Every day mama puts some money in my pocket and I go to our village’s little shop and wait till they deliver bread there. If you don’t wait for it to be delivered you might as well not get any of it. When I was in the first and then the second grade, there was no bread in our shop at all. That’s because there was no bakery anywhere near. Mama used to cook all of our bread back then. Later, at the end of the second grade (and this year I’m in the third), a bakery was built in a village 12 kilometers away from ours. Since then they’ve been delivering it to sell in our village as well, and since then we’ve been buying it.

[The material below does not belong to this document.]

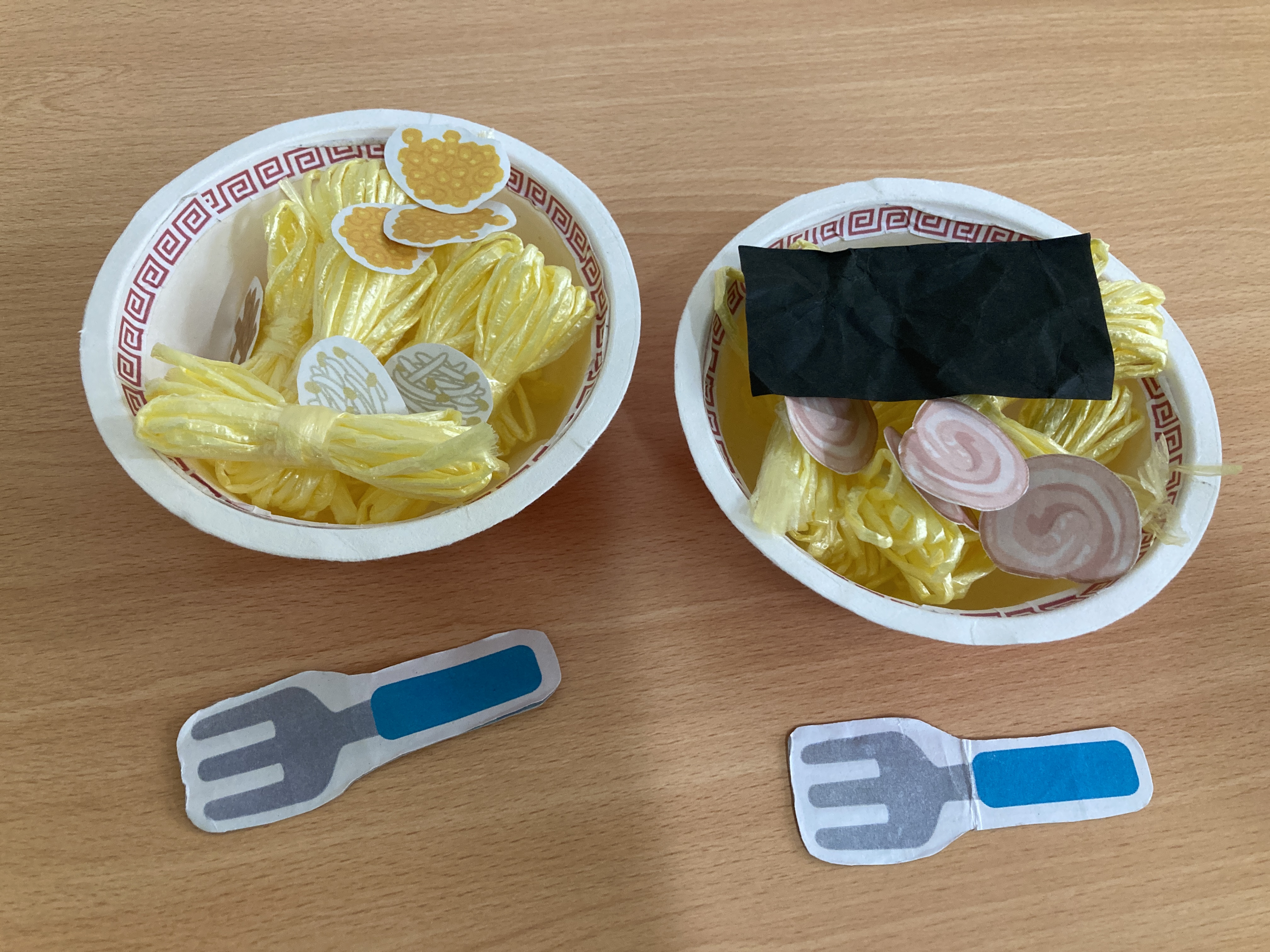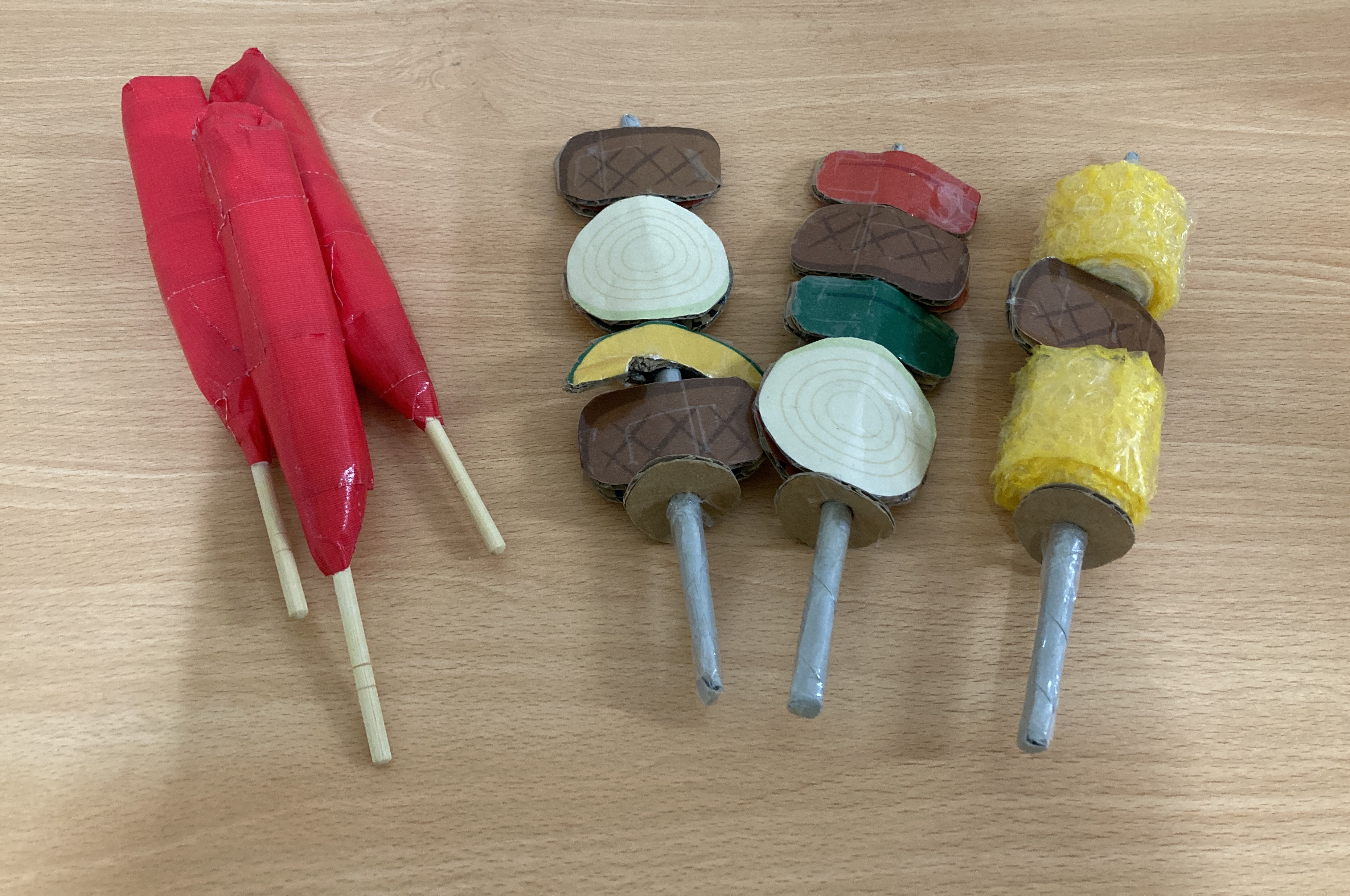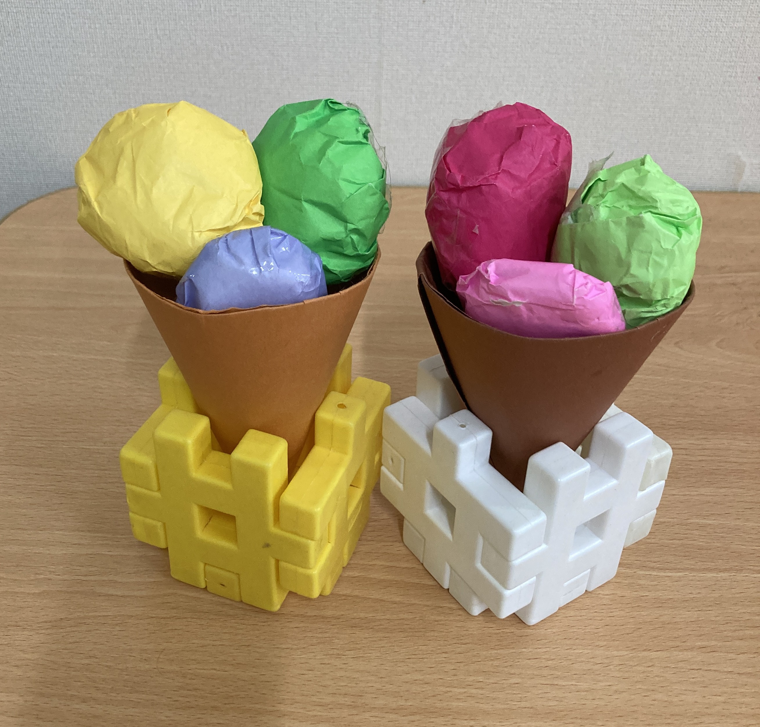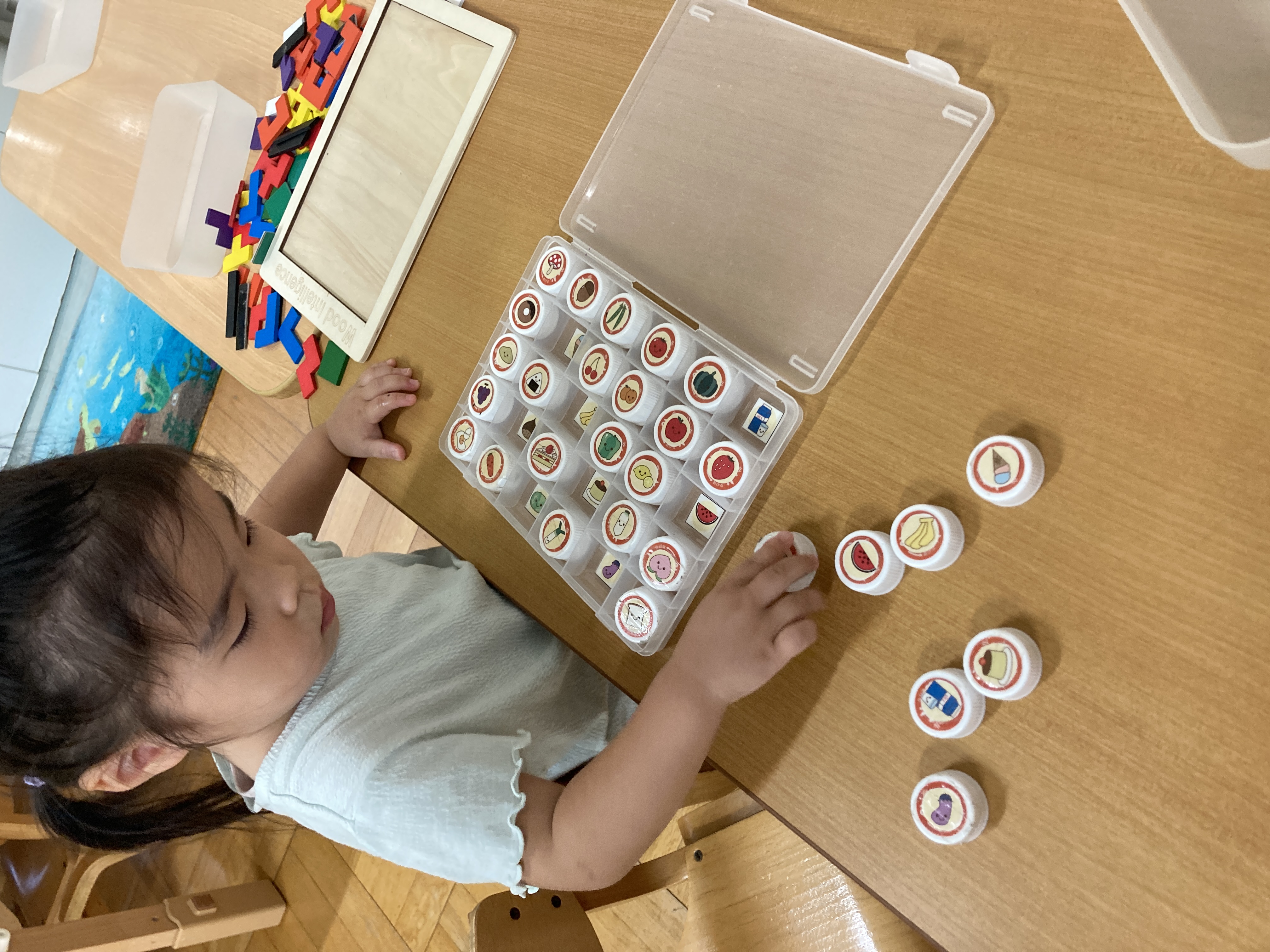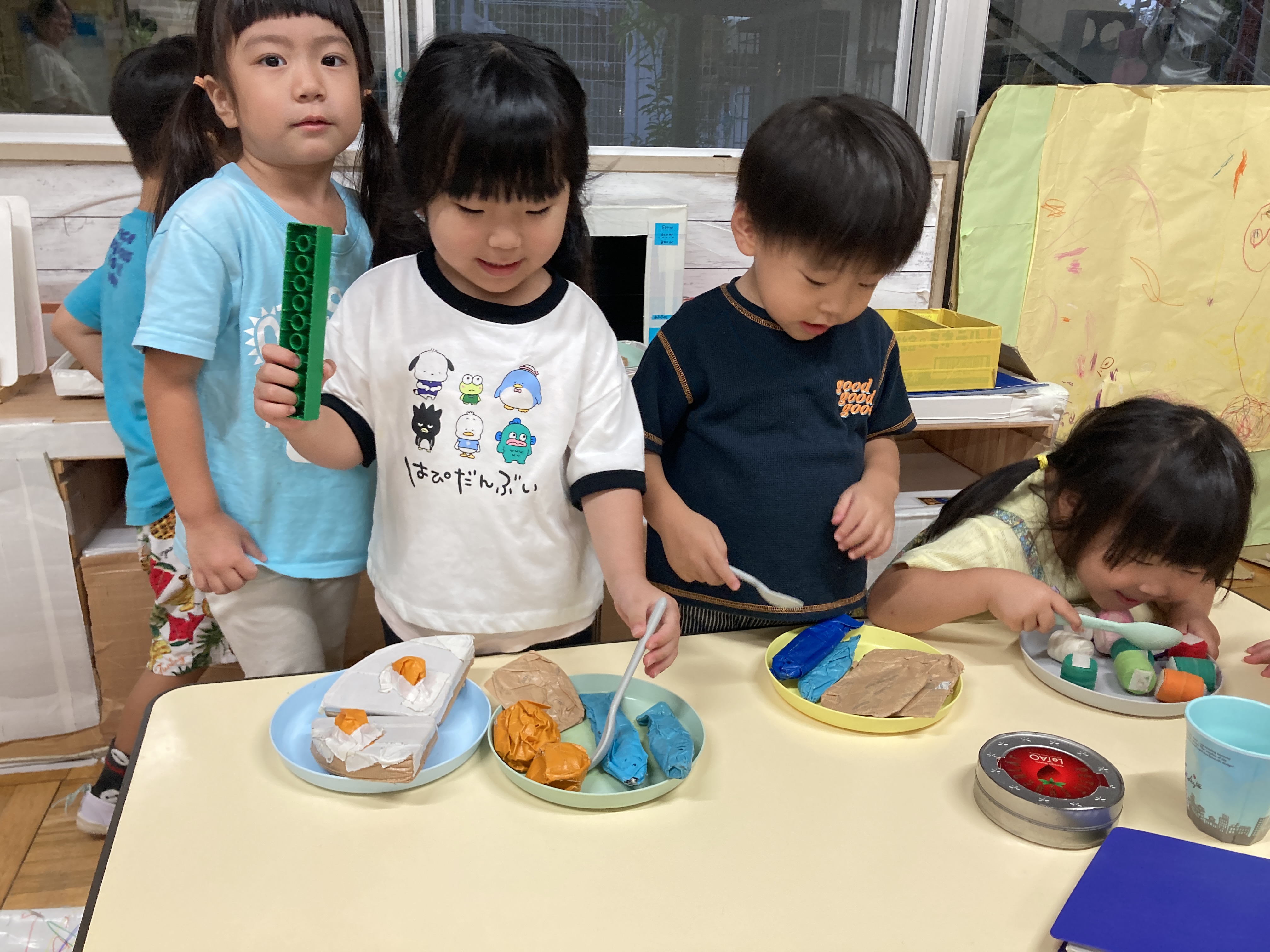 普段の生活の中でも目にする食べ物を遊びの中で取り入れられるように用意すると、自分オリジナルの組み合わせをしながらおいしいものを作ったり、作った食べ物をお友達や保育士とやり取りすることを楽しんでいます。

I’m the youngest shopper around here, which is why the shopkeeper usually serves me first. I don’t need to wait in a line. I fill my bag up with 4 or 5 loafs of fresh bread and bring it back home. Someone somewhere has decided that each person in our village should get half a loaf of bread per day.  And as there are 9 of us in the family, we are assigned 4.5 loafs of bread. But our shopkeeper doesn’t want to cut that 5th loaf into halves and instead gives us 4 loafs on one day and 5 loafs on the other day. I don’t know why she does that. Maybe she’s afraid that she’ll not be able to cut it in two equally? But I love the days when I get 5 loafs. I always ask her to keep the black bread for us, because I don’t want the white bread. A couple of times I bought white bread instead of black and those days eventually became the “hunger days”. The older children in the family, especially the boys, ate up all the bread because it was too delicious, leaving nothing for the younger girls. Since then I’ve never made that mistake again.


[1] A collective farm of the former U.S.S.R.